Provided material:
Start of Block

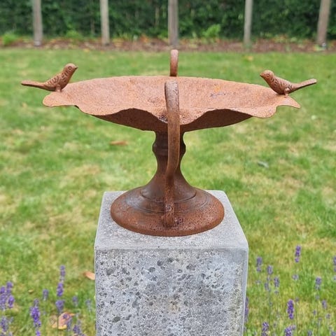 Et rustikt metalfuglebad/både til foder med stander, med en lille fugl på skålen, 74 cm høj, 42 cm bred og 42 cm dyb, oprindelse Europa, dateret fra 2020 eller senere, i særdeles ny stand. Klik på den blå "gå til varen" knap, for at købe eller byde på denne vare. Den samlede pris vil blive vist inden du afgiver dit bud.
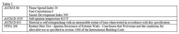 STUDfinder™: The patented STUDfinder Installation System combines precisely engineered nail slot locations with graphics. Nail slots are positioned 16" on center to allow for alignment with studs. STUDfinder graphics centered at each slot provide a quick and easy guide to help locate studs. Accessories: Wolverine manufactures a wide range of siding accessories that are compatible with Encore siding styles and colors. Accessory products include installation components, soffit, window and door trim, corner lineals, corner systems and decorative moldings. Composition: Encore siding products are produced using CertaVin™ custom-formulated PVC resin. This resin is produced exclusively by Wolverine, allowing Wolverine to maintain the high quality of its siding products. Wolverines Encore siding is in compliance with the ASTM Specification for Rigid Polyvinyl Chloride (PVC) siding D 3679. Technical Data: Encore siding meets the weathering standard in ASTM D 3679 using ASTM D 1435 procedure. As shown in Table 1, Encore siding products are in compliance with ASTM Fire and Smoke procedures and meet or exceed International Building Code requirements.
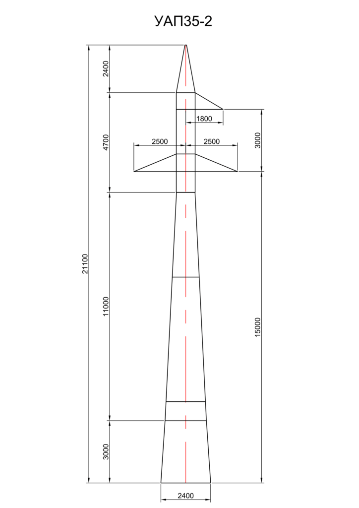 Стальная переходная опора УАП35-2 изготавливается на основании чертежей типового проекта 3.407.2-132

End of Block

What you have to do:
Without any pictures, print the whole listing again exactly as it stands.

Expected answer:
 Et rustikt metalfuglebad/både til foder med stander, med en lille fugl på skålen, 74 cm høj, 42 cm bred og 42 cm dyb, oprindelse Europa, dateret fra 2020 eller senere, i særdeles ny stand. Klik på den blå "gå til varen" knap, for at købe eller byde på denne vare. Den samlede pris vil blive vist inden du afgiver dit bud.
 STUDfinder™: The patented STUDfinder Installation System combines precisely engineered nail slot locations with graphics. Nail slots are positioned 16" on center to allow for alignment with studs. STUDfinder graphics centered at each slot provide a quick and easy guide to help locate studs. Accessories: Wolverine manufactures a wide range of siding accessories that are compatible with Encore siding styles and colors. Accessory products include installation components, soffit, window and door trim, corner lineals, corner systems and decorative moldings. Composition: Encore siding products are produced using CertaVin™ custom-formulated PVC resin. This resin is produced exclusively by Wolverine, allowing Wolverine to maintain the high quality of its siding products. Wolverines Encore siding is in compliance with the ASTM Specification for Rigid Polyvinyl Chloride (PVC) siding D 3679. Technical Data: Encore siding meets the weathering standard in ASTM D 3679 using ASTM D 1435 procedure. As shown in Table 1, Encore siding products are in compliance with ASTM Fire and Smoke procedures and meet or exceed International Building Code requirements.
 Стальная переходная опора УАП35-2 изготавливается на основании чертежей типового проекта 3.407.2-132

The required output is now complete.